▶ _Exercise_
Could you give back exactly the lines below from the one with "son derece uygundur." through the one with "Modèle bien équipé, idéal", without a single picture?

▶ _Data to process_

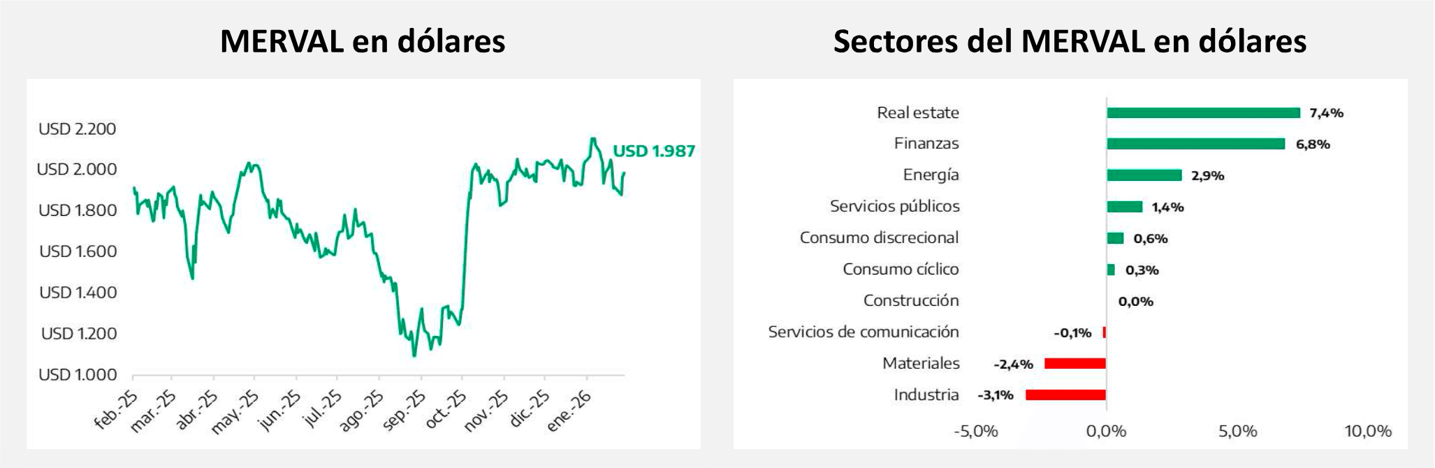 En el ámbito local, los bonos globales argentinos no lograron desacoplarse de la suba de tasas en Estados Unidos y retrocedieron en promedio 0,3%, con rendimientos que se mantienen en el rango de 7% – 9%. En contraste, la renta variable exhibió una performance moderada en moneda local, aunque se vio favorecida por la apreciación cambiaria, lo que permitió que el Merval avanzara 3,5% medido en dólares.
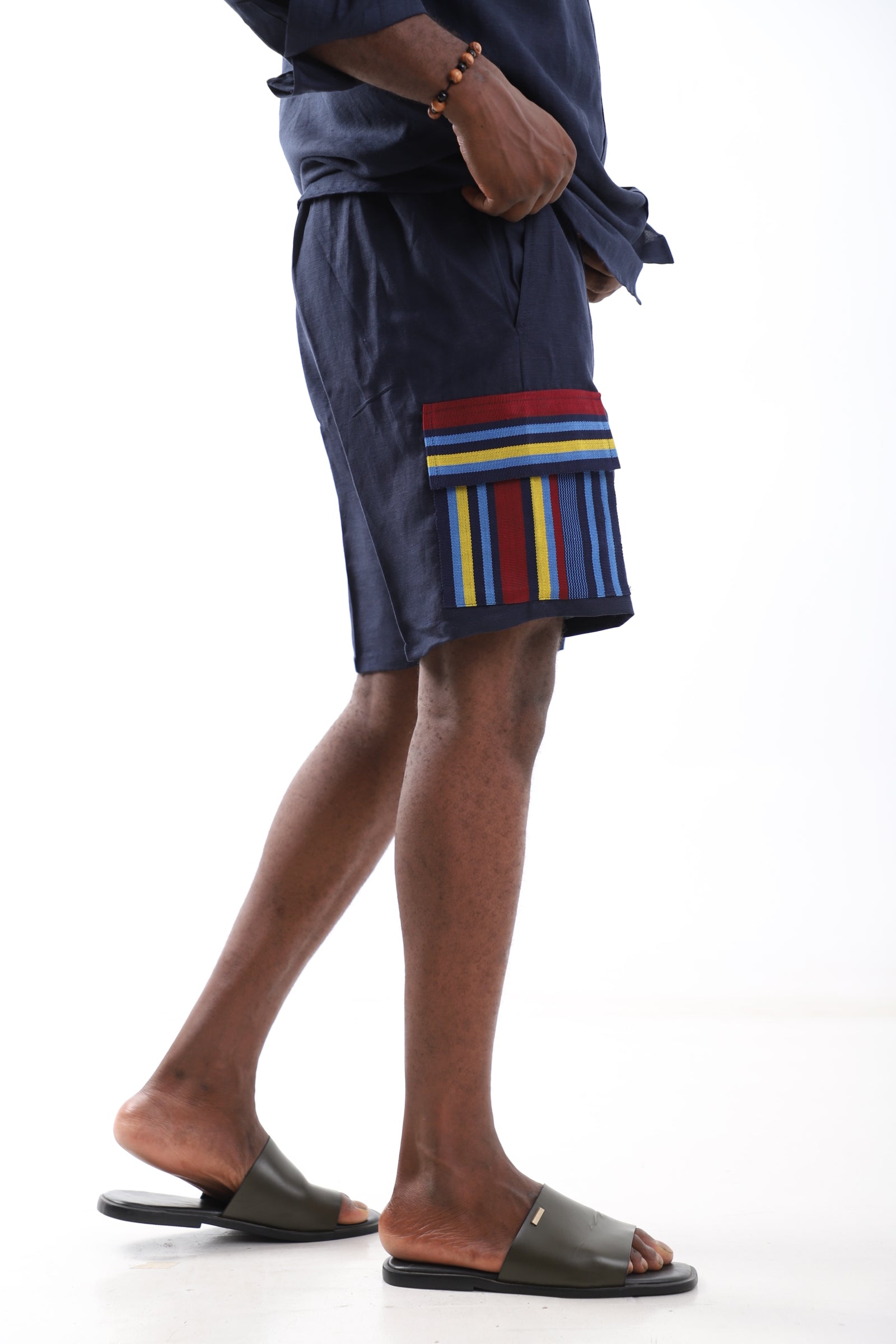 Refined, effortless, and undeniably stylish—the Midnight Luxe Utility Shorts are designed for the modern man who values both sophistication and functionality. Crafted from premium navy-blue linen, these shorts offer a lightweight, breathable fit that keeps you comfortable all day.
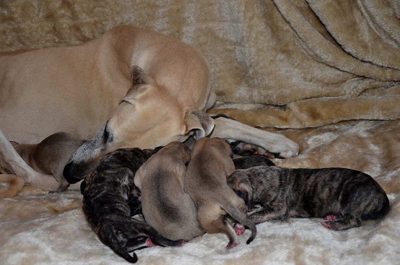 Februar erwarten wir unseren J-Wurf. Mama Chameh ist eine Hündin, die wir in den letzten Jahren kennen und lieben gelernt haben. Sie gehört unserer Freundin und nun auch Mitzüchterin Kristina Kosmas. Chameh besticht durch ihre tolle helle Farbe und vorallem durch ihren wahnsinnig liebenswürdigen und ausgeglichenen Charakter! Es leben bereits Kinder und Kindeskinder von ihr in unserer Familie und bereichern unser Leben! Deshalb freuen wir uns sehr, dass sie nun bald auch bei uns Mutter wird! Als Vater haben wir uns für den eleganten und gestromten Rüden Joel entschieden. Er gefiel uns schon immer sehr gut, ebenso ist er auch ein ganz lieber und gutmütiger Kerl! Wir versprechen uns aus dieser Verpaarung typvolle & charakterfeste Sloughis in den Farben, hellsand/sand & hellgestromt/gestromt. |
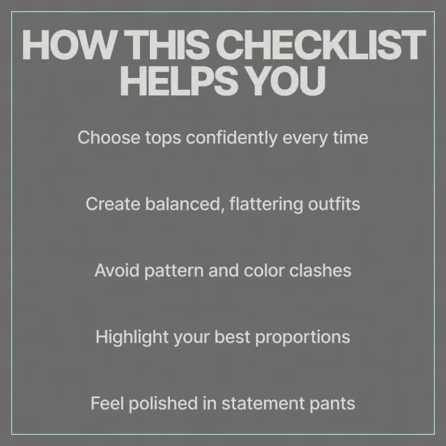 This checklist is perfect for women who love fashion but want clear, practical guidance. It’s ideal for anyone learning how to match statement pants with tops, rebuilding their wardrobe, or wanting to elevate everyday outfits without buying more clothes.
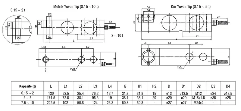 • IP68 koruma sınıfına sahip metrik dișli ve kör yuvalı modelleri ile yer kantarları, konveyör, tank, silo tartım sistemleri gibi her türlü endüstriyel tartım uygulamalarına son derece uygundur.
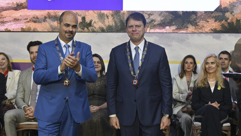 Outro político presente na cerimônia foi o senador Rogério Marinho (PL-RN) –que também é coordenador da pré-campanha presidencial de Flávio Bolsonaro. Marinho recebeu a Grande Medalha, 2ª maior honraria.
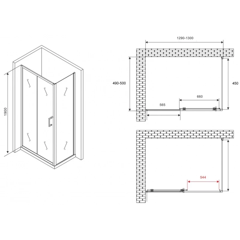 Душевой уголок 130x50 см Abber Schwarzer Diamant AG30130B-S50B-S50B прозрачное
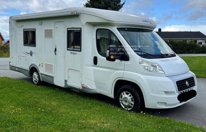 Modèle bien équipé, idéal pour voyager confortablement à deux.
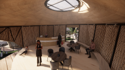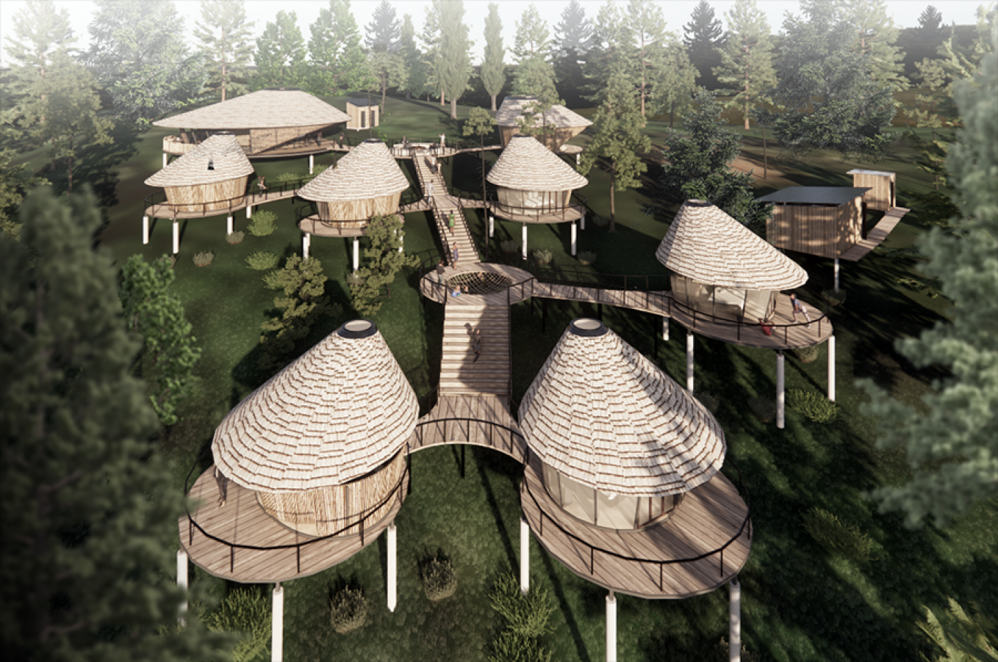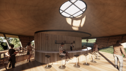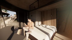 I designed the Glamping Villa that I chose to be located on a hillside filled with pine trees, far from the hustle and bustle of the city, which aims to relieve all the fatigue of the city. The shape of the villas is inspired by pinecones that fell around the site, connected to each other by paths.

▶ _Response to the task_
 • IP68 koruma sınıfına sahip metrik dișli ve kör yuvalı modelleri ile yer kantarları, konveyör, tank, silo tartım sistemleri gibi her türlü endüstriyel tartım uygulamalarına son derece uygundur.
 Outro político presente na cerimônia foi o senador Rogério Marinho (PL-RN) –que também é coordenador da pré-campanha presidencial de Flávio Bolsonaro. Marinho recebeu a Grande Medalha, 2ª maior honraria.
 Душевой уголок 130x50 см Abber Schwarzer Diamant AG30130B-S50B-S50B прозрачное
 Modèle bien équipé, idéal pour voyager confortablement à deux.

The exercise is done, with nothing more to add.